My task is to search the 3rd column of each file for some target words and every time a target word is found in the corpus the 10 words before and after this word have to be added to a multidimensional dictionary.

EDIT: The lines containing a '&', a '\' or the string '(unknown)' should be excluded.

I tried to solve this using readlines() and enumerate() as you see in the code below. The code does what it should but it is obviously not efficient enough for the amount of data provided in the source file.

I know that readlines() or read() should not be used for huge data sets as it loads the whole file into memory.
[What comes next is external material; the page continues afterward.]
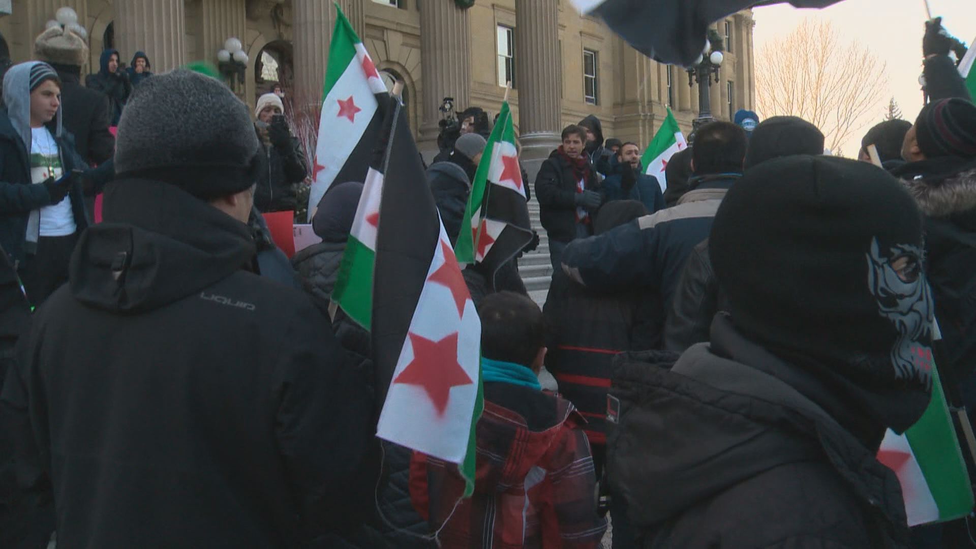 Hundreds of Syrians and Canadians of Syrian descent gathered on the steps of the Alberta Legislature Saturday to ask the Canadian government to help those left behind in their homeland.

Nevertheless, reading the file line by line, I did not manage to use the enumerate method to get the 10 words before and after the target word. I also cannot use mmap as I do not have the permission to use it on that file.

So, I guess the readlines method with some size limitation would be the most efficient solution. However, going for that, would I not make some errors as each time reaching the end of the size limit the 10 words after the target word would not be captured as the code just breaks?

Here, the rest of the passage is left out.